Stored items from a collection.
· · · · ·

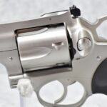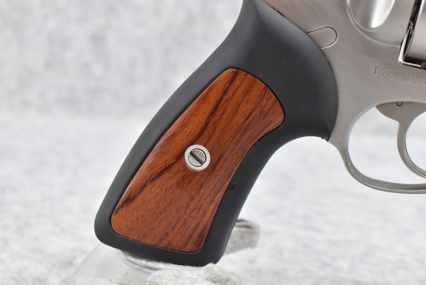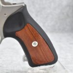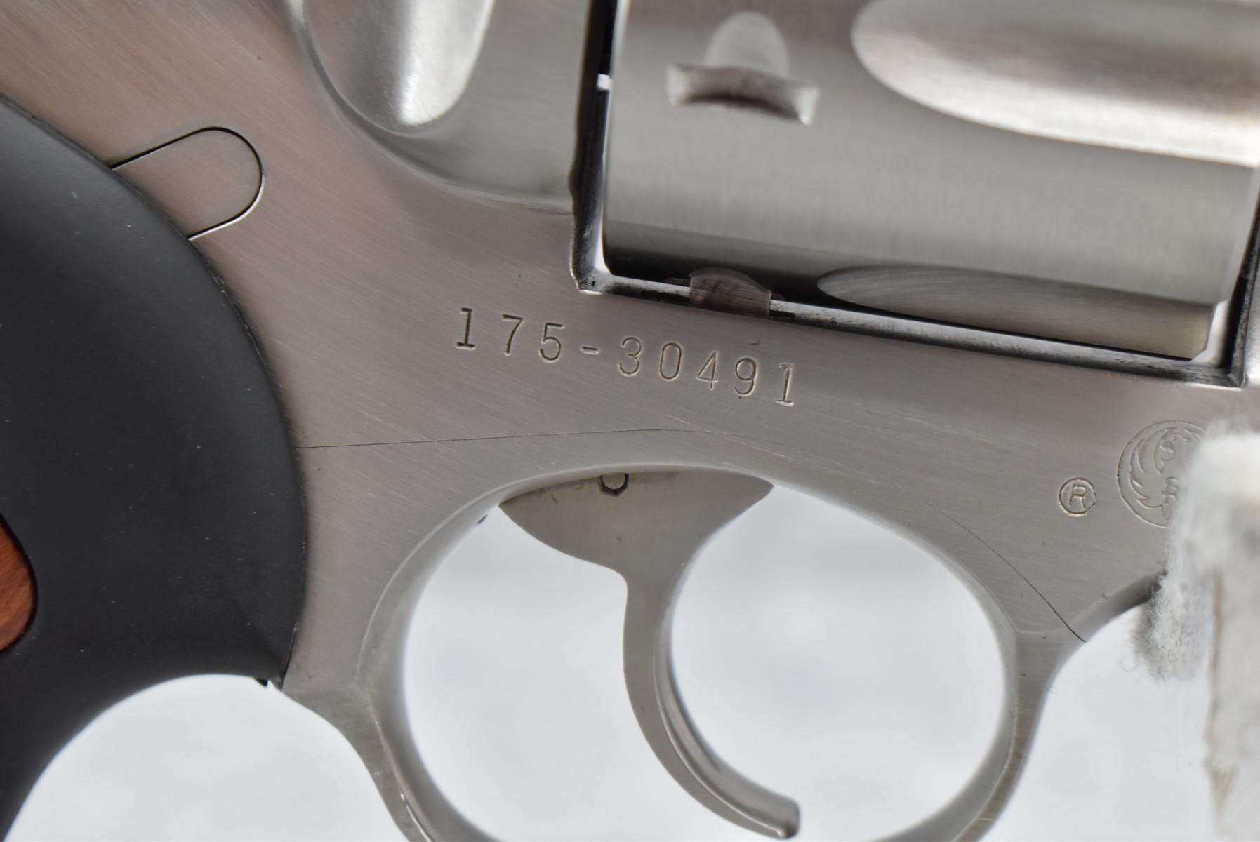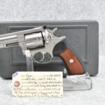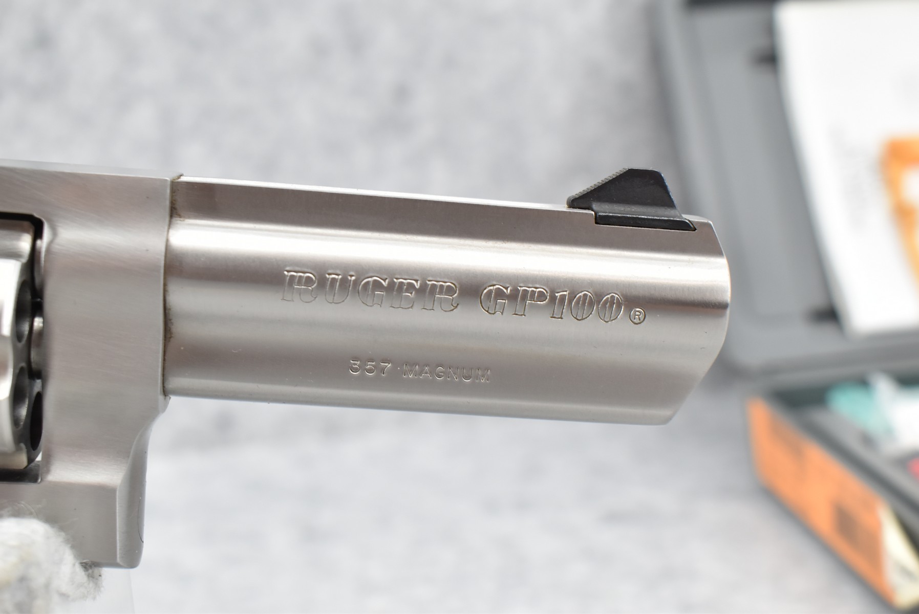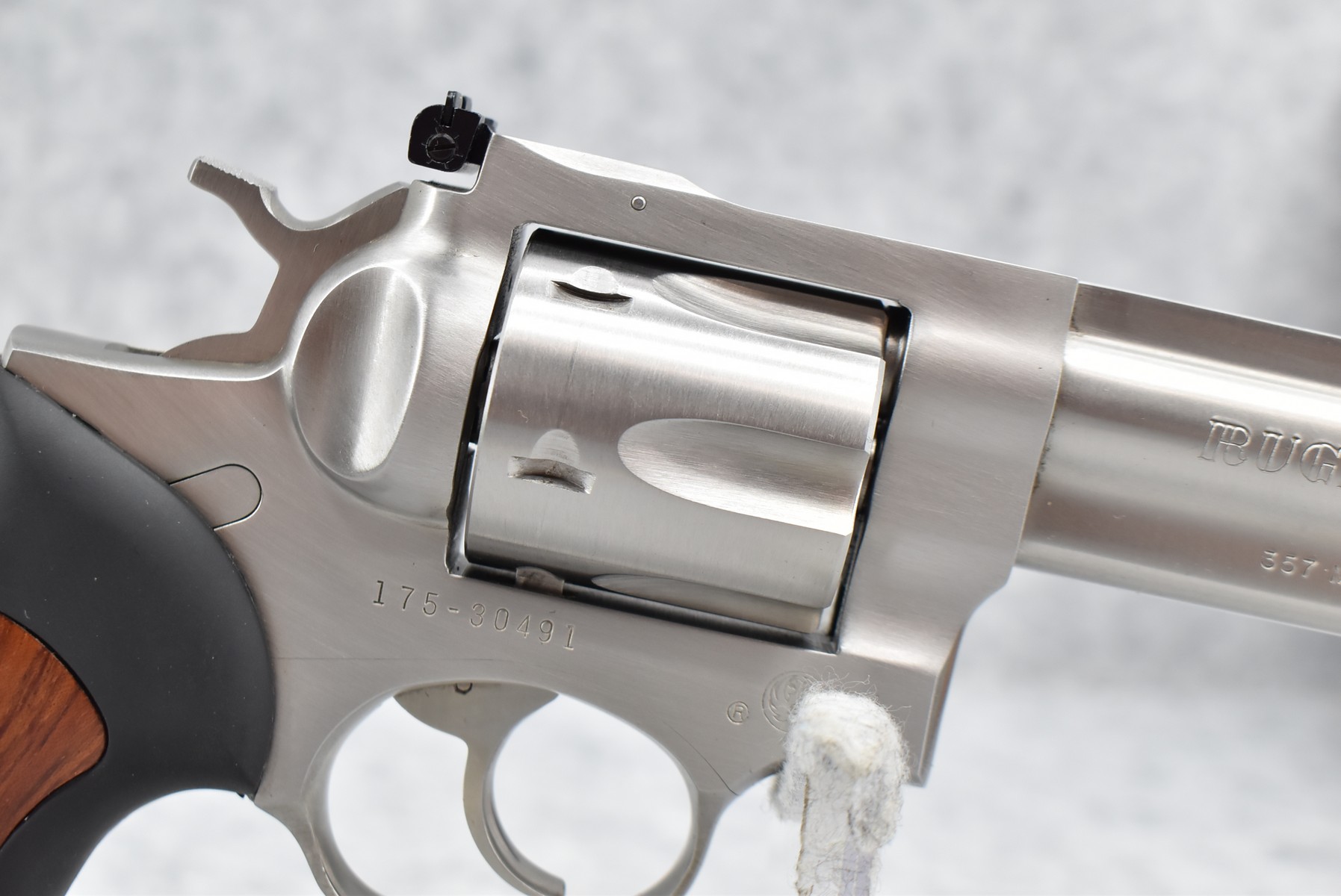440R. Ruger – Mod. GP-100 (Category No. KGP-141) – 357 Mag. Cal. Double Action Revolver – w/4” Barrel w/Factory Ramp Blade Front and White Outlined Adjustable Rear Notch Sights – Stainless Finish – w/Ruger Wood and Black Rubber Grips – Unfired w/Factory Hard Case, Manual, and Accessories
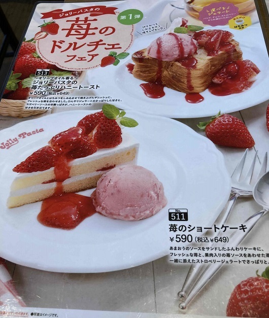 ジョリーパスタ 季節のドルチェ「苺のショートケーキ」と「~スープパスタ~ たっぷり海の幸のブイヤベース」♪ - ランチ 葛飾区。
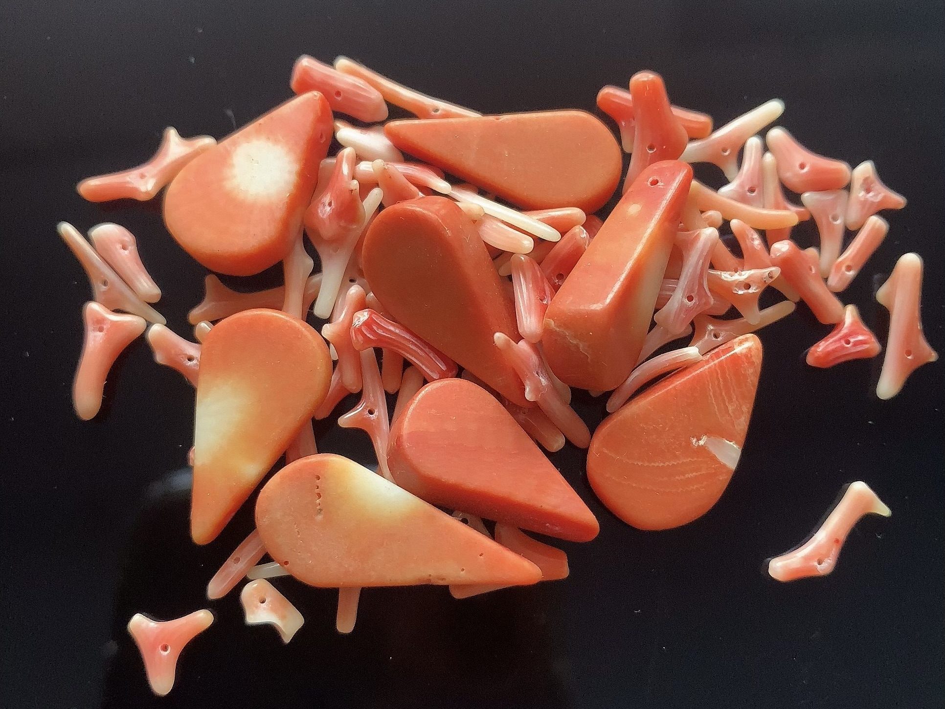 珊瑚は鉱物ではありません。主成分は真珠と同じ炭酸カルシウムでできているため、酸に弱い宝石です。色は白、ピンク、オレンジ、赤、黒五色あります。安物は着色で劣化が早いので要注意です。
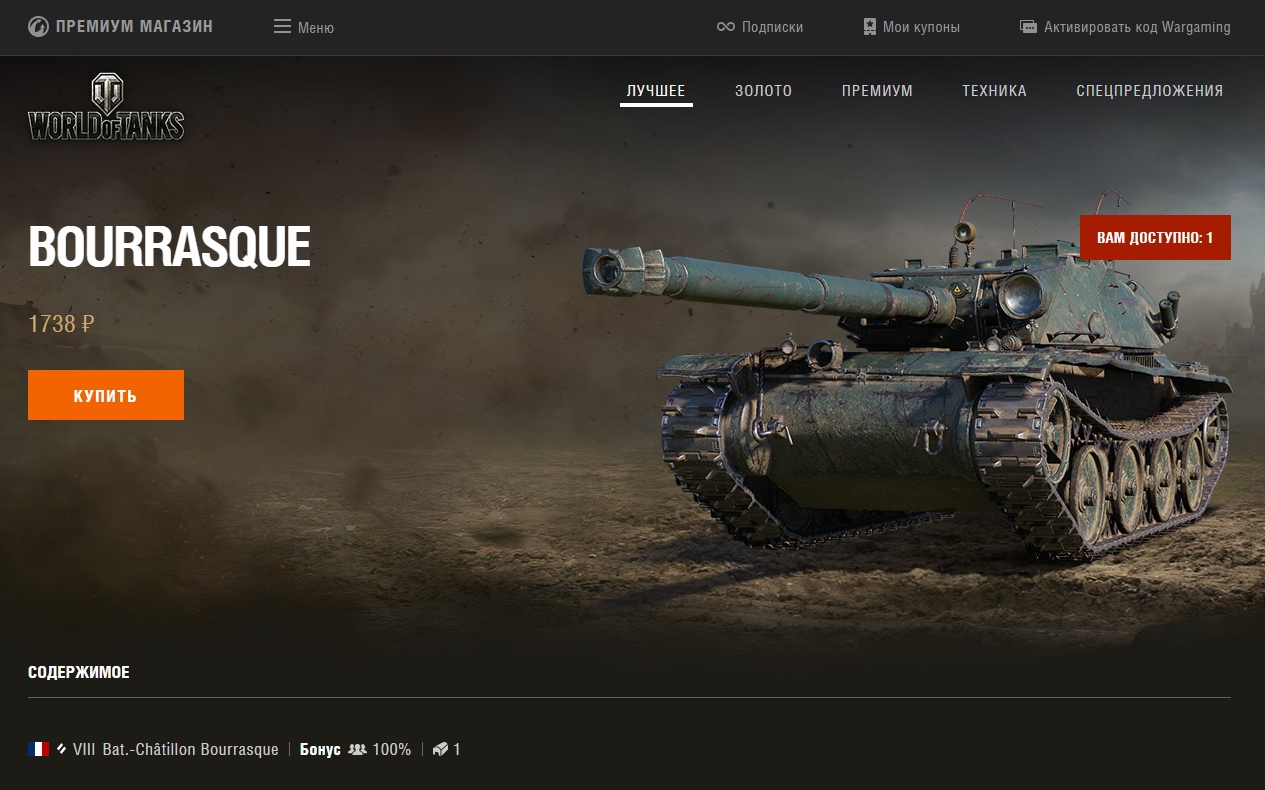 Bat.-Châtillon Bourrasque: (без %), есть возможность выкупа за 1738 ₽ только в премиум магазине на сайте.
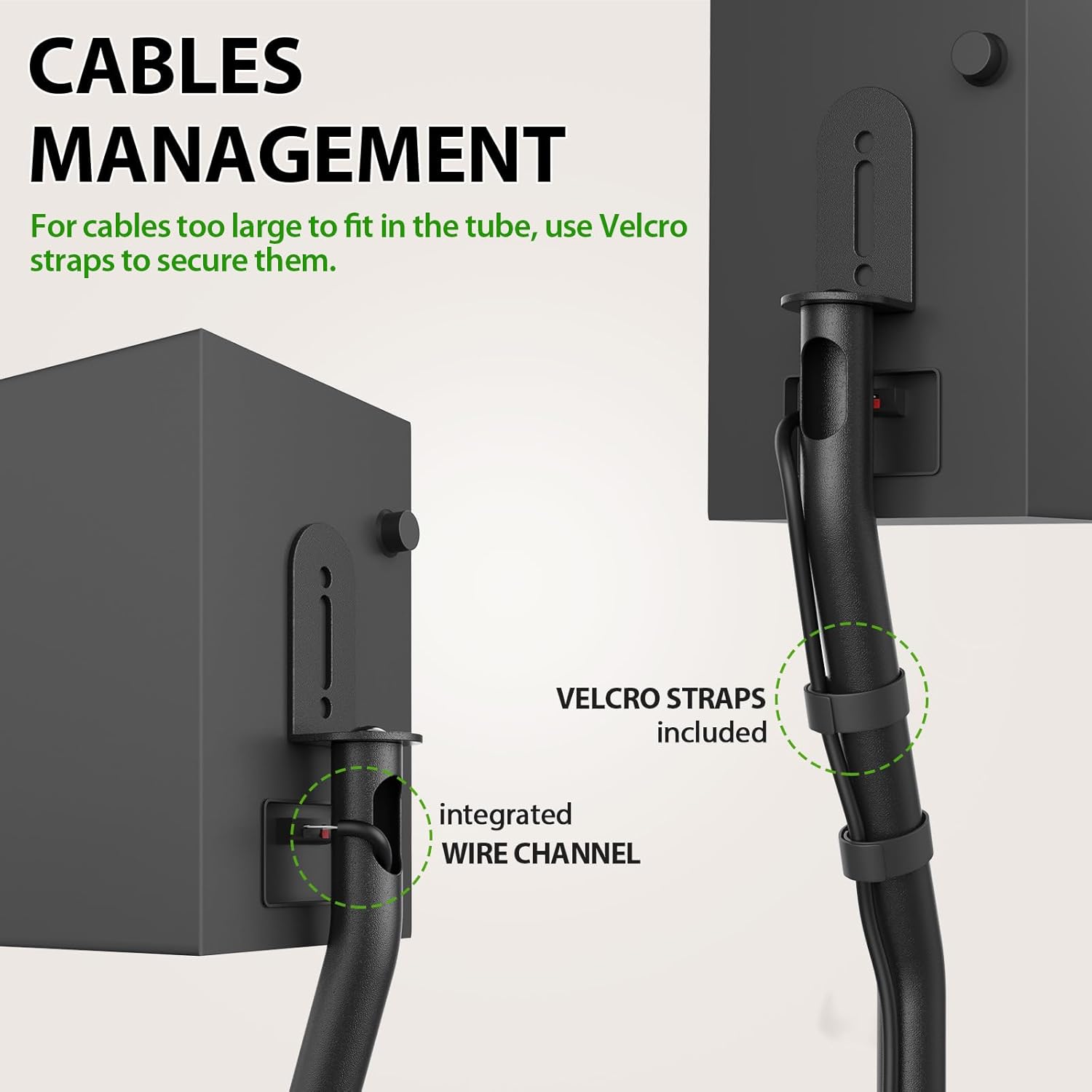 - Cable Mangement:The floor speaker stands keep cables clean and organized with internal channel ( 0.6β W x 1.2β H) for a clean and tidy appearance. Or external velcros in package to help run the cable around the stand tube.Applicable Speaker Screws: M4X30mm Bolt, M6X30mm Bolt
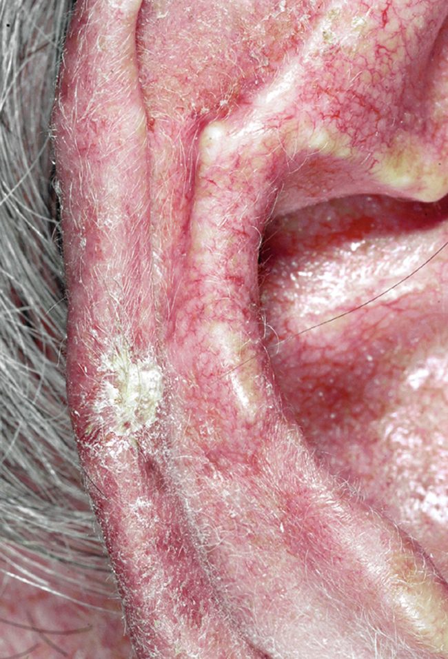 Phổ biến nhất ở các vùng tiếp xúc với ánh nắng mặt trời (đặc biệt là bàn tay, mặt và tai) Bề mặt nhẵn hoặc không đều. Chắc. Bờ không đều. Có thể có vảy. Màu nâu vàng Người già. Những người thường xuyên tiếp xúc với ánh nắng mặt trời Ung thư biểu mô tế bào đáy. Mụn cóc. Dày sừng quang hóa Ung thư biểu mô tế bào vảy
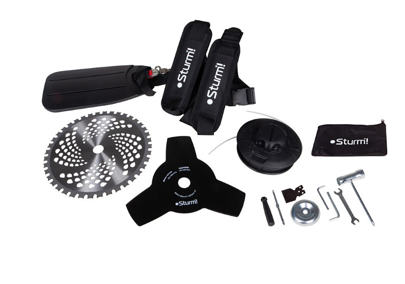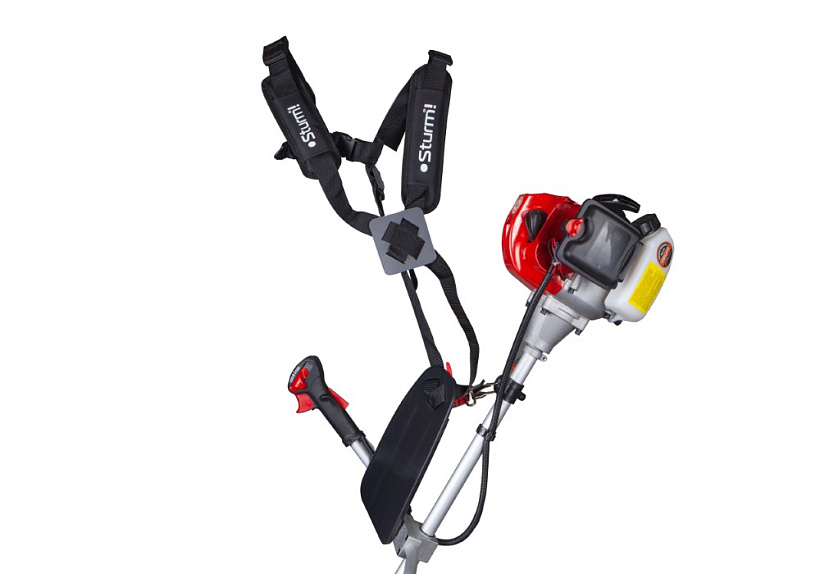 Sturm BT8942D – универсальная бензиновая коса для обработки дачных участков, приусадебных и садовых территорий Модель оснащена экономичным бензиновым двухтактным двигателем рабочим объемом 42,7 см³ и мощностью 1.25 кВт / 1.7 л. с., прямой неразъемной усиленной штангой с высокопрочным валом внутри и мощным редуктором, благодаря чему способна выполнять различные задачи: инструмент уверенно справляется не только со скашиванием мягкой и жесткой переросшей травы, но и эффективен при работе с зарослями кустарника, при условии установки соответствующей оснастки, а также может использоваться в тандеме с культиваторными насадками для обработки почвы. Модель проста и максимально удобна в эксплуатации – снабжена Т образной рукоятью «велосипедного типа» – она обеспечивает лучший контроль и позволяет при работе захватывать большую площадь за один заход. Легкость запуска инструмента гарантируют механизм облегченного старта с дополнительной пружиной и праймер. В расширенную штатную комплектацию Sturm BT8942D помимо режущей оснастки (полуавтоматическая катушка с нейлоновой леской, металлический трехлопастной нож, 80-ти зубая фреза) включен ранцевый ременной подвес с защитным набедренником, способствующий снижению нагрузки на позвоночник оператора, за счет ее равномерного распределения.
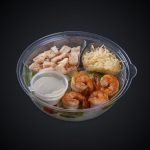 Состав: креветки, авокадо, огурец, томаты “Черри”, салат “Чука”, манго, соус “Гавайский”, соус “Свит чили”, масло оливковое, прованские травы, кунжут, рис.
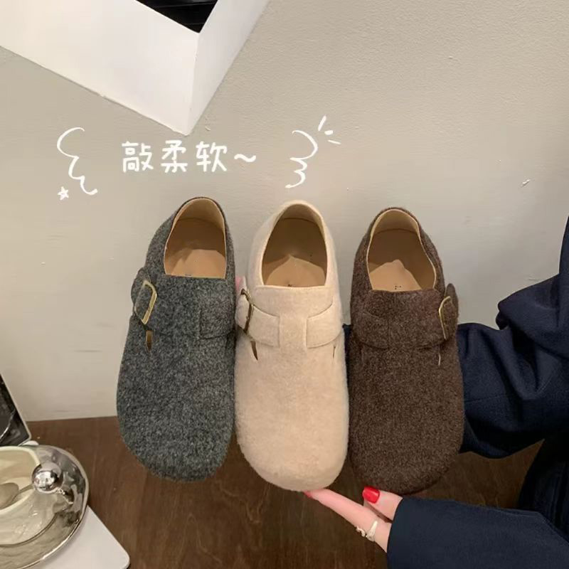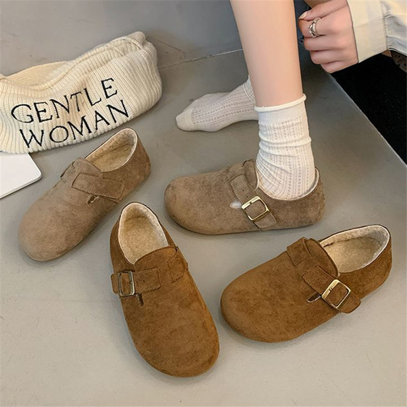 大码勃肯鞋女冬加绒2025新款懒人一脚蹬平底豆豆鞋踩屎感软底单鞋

· · · · ·

Problem to solve. Output nothing except an exact copy of the records above, with the images left out.

Solved problem.
440R. Ruger – Mod. GP-100 (Category No. KGP-141) – 357 Mag. Cal. Double Action Revolver – w/4” Barrel w/Factory Ramp Blade Front and White Outlined Adjustable Rear Notch Sights – Stainless Finish – w/Ruger Wood and Black Rubber Grips – Unfired w/Factory Hard Case, Manual, and Accessories
 ジョリーパスタ 季節のドルチェ「苺のショートケーキ」と「~スープパスタ~ たっぷり海の幸のブイヤベース」♪ - ランチ 葛飾区。
 珊瑚は鉱物ではありません。主成分は真珠と同じ炭酸カルシウムでできているため、酸に弱い宝石です。色は白、ピンク、オレンジ、赤、黒五色あります。安物は着色で劣化が早いので要注意です。
 Bat.-Châtillon Bourrasque: (без %), есть возможность выкупа за 1738 ₽ только в премиум магазине на сайте.
 - Cable Mangement:The floor speaker stands keep cables clean and organized with internal channel ( 0.6β W x 1.2β H) for a clean and tidy appearance. Or external velcros in package to help run the cable around the stand tube.Applicable Speaker Screws: M4X30mm Bolt, M6X30mm Bolt
 Phổ biến nhất ở các vùng tiếp xúc với ánh nắng mặt trời (đặc biệt là bàn tay, mặt và tai) Bề mặt nhẵn hoặc không đều. Chắc. Bờ không đều. Có thể có vảy. Màu nâu vàng Người già. Những người thường xuyên tiếp xúc với ánh nắng mặt trời Ung thư biểu mô tế bào đáy. Mụn cóc. Dày sừng quang hóa Ung thư biểu mô tế bào vảy
 Sturm BT8942D – универсальная бензиновая коса для обработки дачных участков, приусадебных и садовых территорий Модель оснащена экономичным бензиновым двухтактным двигателем рабочим объемом 42,7 см³ и мощностью 1.25 кВт / 1.7 л. с., прямой неразъемной усиленной штангой с высокопрочным валом внутри и мощным редуктором, благодаря чему способна выполнять различные задачи: инструмент уверенно справляется не только со скашиванием мягкой и жесткой переросшей травы, но и эффективен при работе с зарослями кустарника, при условии установки соответствующей оснастки, а также может использоваться в тандеме с культиваторными насадками для обработки почвы. Модель проста и максимально удобна в эксплуатации – снабжена Т образной рукоятью «велосипедного типа» – она обеспечивает лучший контроль и позволяет при работе захватывать большую площадь за один заход. Легкость запуска инструмента гарантируют механизм облегченного старта с дополнительной пружиной и праймер. В расширенную штатную комплектацию Sturm BT8942D помимо режущей оснастки (полуавтоматическая катушка с нейлоновой леской, металлический трехлопастной нож, 80-ти зубая фреза) включен ранцевый ременной подвес с защитным набедренником, способствующий снижению нагрузки на позвоночник оператора, за счет ее равномерного распределения.
 Состав: креветки, авокадо, огурец, томаты “Черри”, салат “Чука”, манго, соус “Гавайский”, соус “Свит чили”, масло оливковое, прованские травы, кунжут, рис.
 大码勃肯鞋女冬加绒2025新款懒人一脚蹬平底豆豆鞋踩屎感软底单鞋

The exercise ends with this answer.